What the task asks: Print every line from the start of the data, and when you reach the line with "В пятницу американский", include it and stop. Pictures are not part of the copy.

Input records:
****

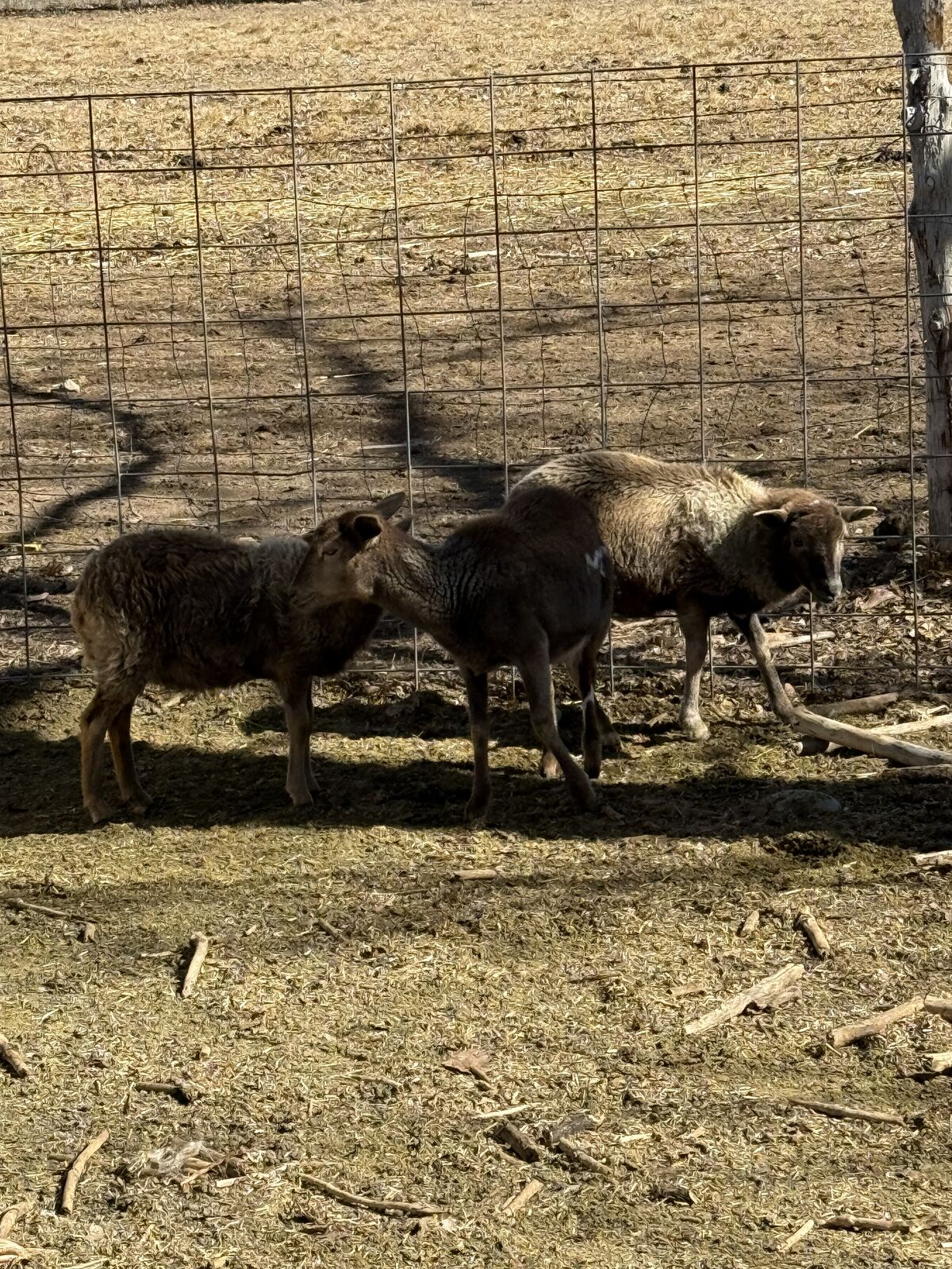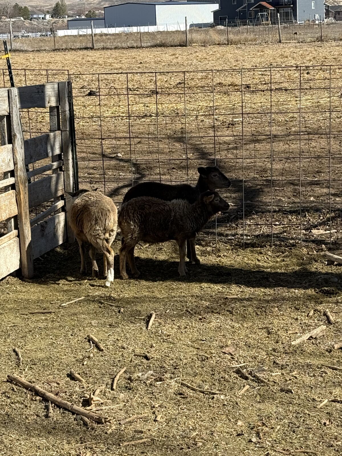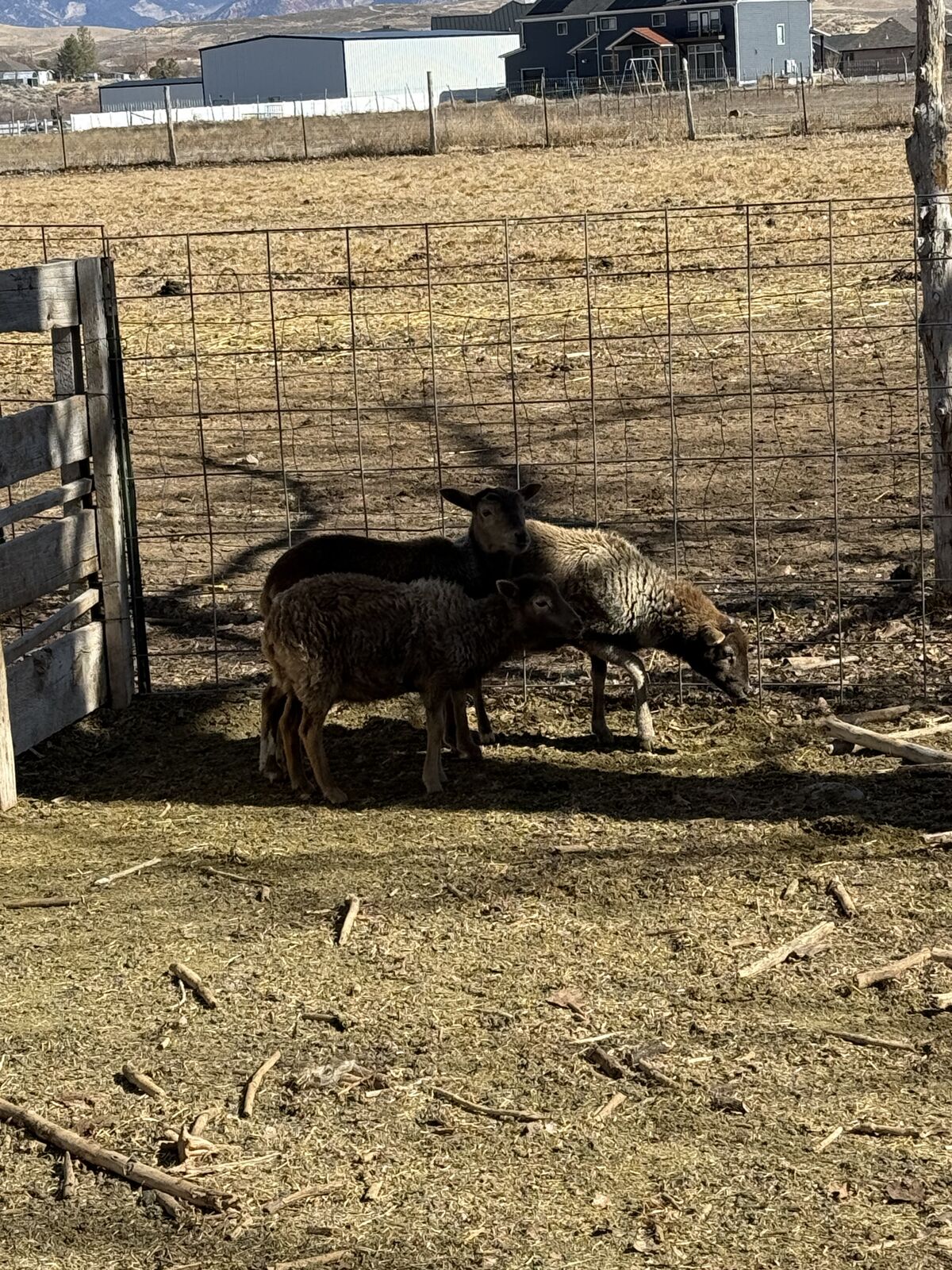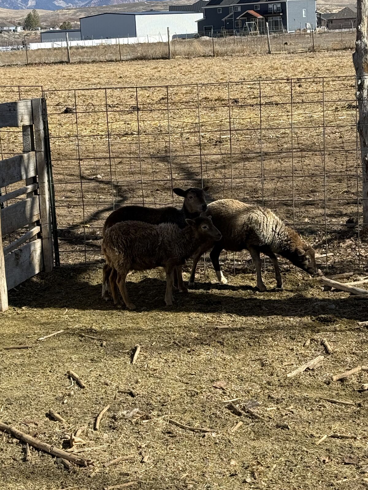 3 young lambs for sale — healthy, strong, and eating hay well. Weights range from 50–60 lbs.
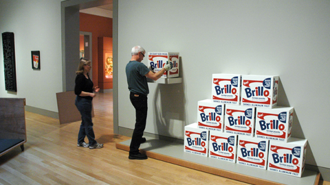 Susan Colletta, Art Collections registrar, and Gregg Bayne, exhibits manager install Brillo Boxes (1964-1990)
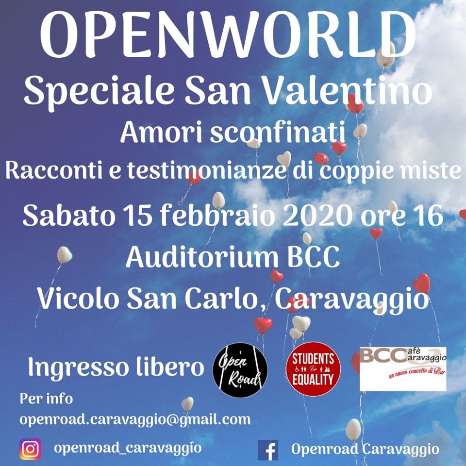 Presso l'Auditorium BCC di Caravaggio, in Vicolo San Carlo, in occasione di San Valentino, il 15 febbraio 2020 dalle ore 16.00 alle ore 18.00 si svolgerà un incontro pubblico dove si parlerà di e con coppie con partner di diversa nazionalità od origine etnica.
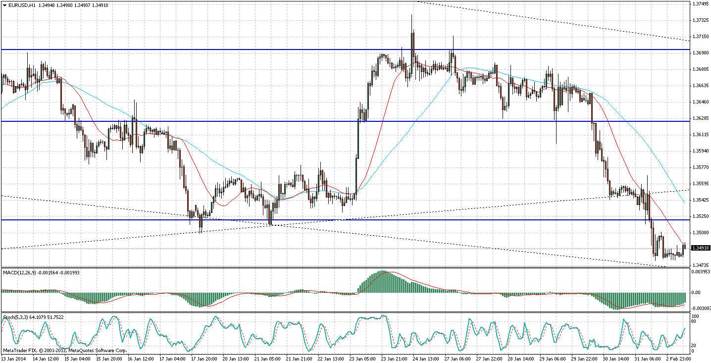 В пятницу американский доллар продолжил укрепляться относительно конкурирующих валют. Пара EUR/USD при этом пробила трендовую линию и уровень 1,3500. Стохастик опустился ниже отметки 5, а MACD-гистограмма возобновила снижение. Несмотря на пробитие важных уровней, констатировать разворот пока преждевременно, нужно подождать повторного теста линии тренда с другой стороны.
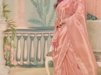This dusty pink zari organza silk saree crafted with zari & sequins embroidery, hand work, cutwork border and tassels. Paired with a hot pink silk blouse, it exudes rich elegance for weddings and festive occasions.
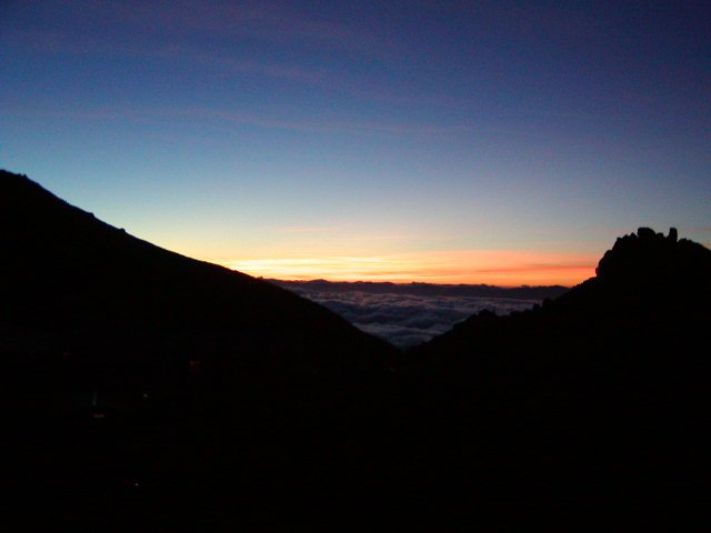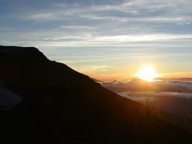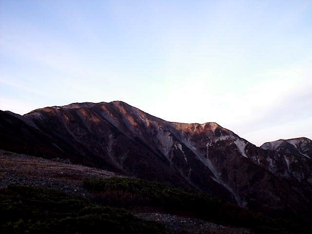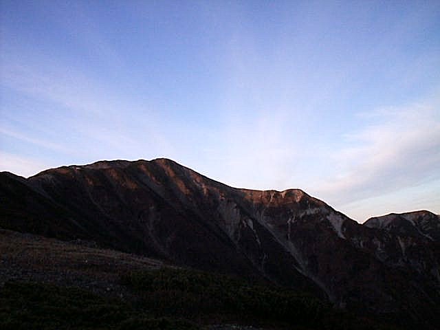 「夕焼けの雪倉岳・朝日岳」(白馬大池・雷鳥坂にて)
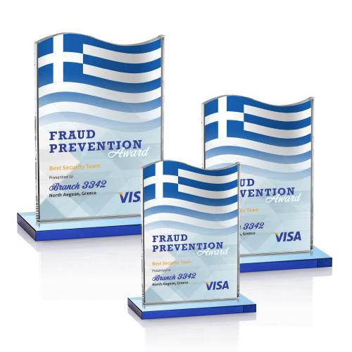 Of the Crystal Awards, this beautiful Unity VividPrint™ Award - Sky Blue is a great choice. (AWV3541-S) Recognize a special achievement with our Starfire Crystal Unity VividPrint Award on your choice of clear or colored crystal base. Featuring a curved top that can be used to depict your waving flag and create a magnificent monument of achievement recognition. Let your message POP! with full-color VividPrint.

****

Result of the exercise:
 3 young lambs for sale — healthy, strong, and eating hay well. Weights range from 50–60 lbs.
 Susan Colletta, Art Collections registrar, and Gregg Bayne, exhibits manager install Brillo Boxes (1964-1990)
 Presso l'Auditorium BCC di Caravaggio, in Vicolo San Carlo, in occasione di San Valentino, il 15 febbraio 2020 dalle ore 16.00 alle ore 18.00 si svolgerà un incontro pubblico dove si parlerà di e con coppie con partner di diversa nazionalità od origine etnica.
 В пятницу американский доллар продолжил укрепляться относительно конкурирующих валют. Пара EUR/USD при этом пробила трендовую линию и уровень 1,3500. Стохастик опустился ниже отметки 5, а MACD-гистограмма возобновила снижение. Несмотря на пробитие важных уровней, констатировать разворот пока преждевременно, нужно подождать повторного теста линии тренда с другой стороны.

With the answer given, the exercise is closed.